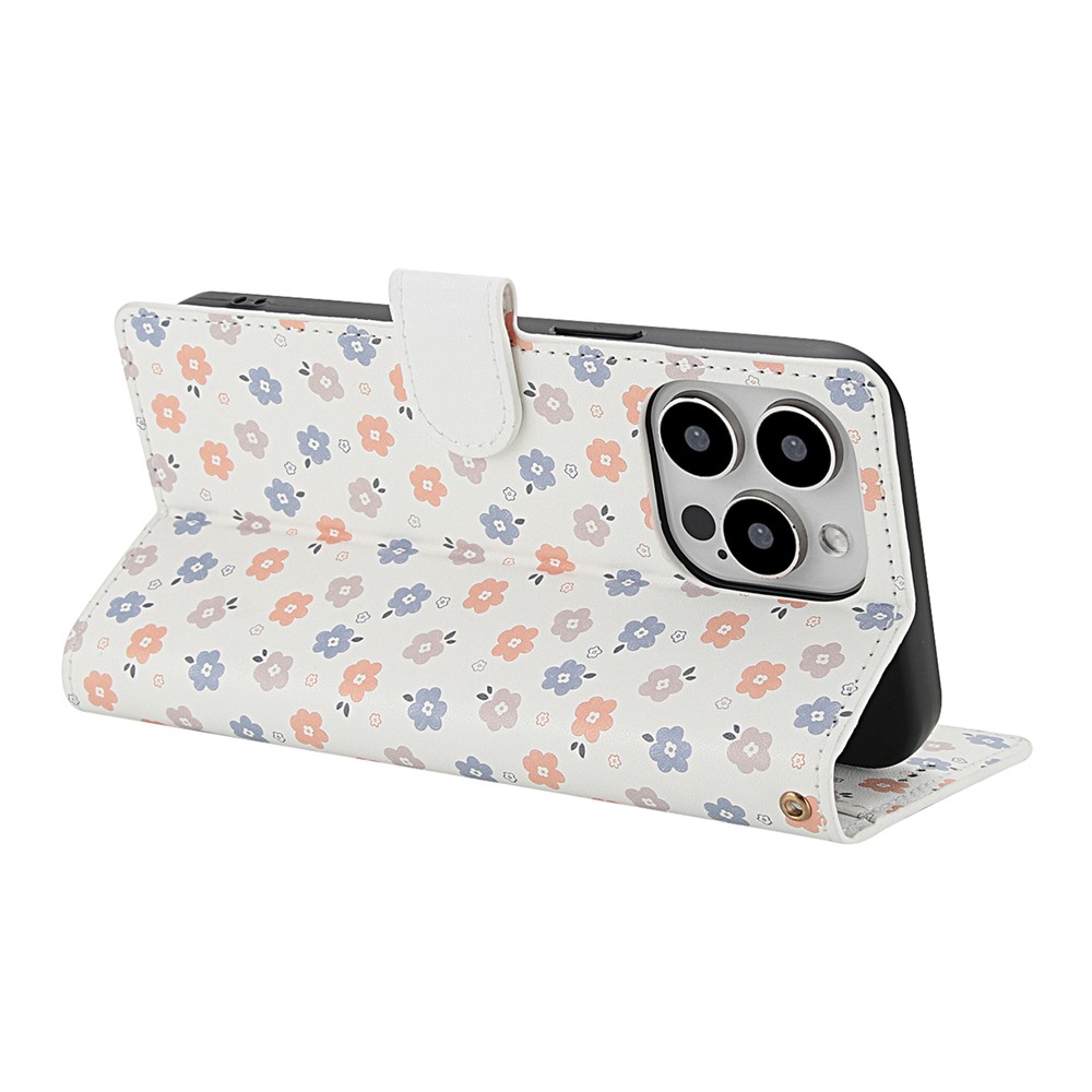 • For iPhone 16 Pro Max Wallet Case Rhombic Floral Design Leather Flip Phone Cover with Strap - A2
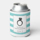 Celebrate your bachelorette party, hen night or bachelorette weekend with these cute and stylish can coolers, featuring a vibrant turquoise teal and white striped background, a diamond ring illustration and chic black lettering. Personalise with the bride to be's name and party date.
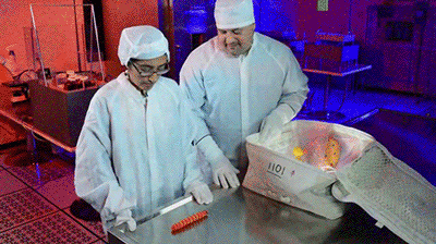 Slimey being prepared to go into actual space.

Task item |
Each line of the data is to be duplicated exactly; pictures stay out of the copy.

Response to the exercise |
 • For iPhone 16 Pro Max Wallet Case Rhombic Floral Design Leather Flip Phone Cover with Strap - A2
 Celebrate your bachelorette party, hen night or bachelorette weekend with these cute and stylish can coolers, featuring a vibrant turquoise teal and white striped background, a diamond ring illustration and chic black lettering. Personalise with the bride to be's name and party date.
 Slimey being prepared to go into actual space.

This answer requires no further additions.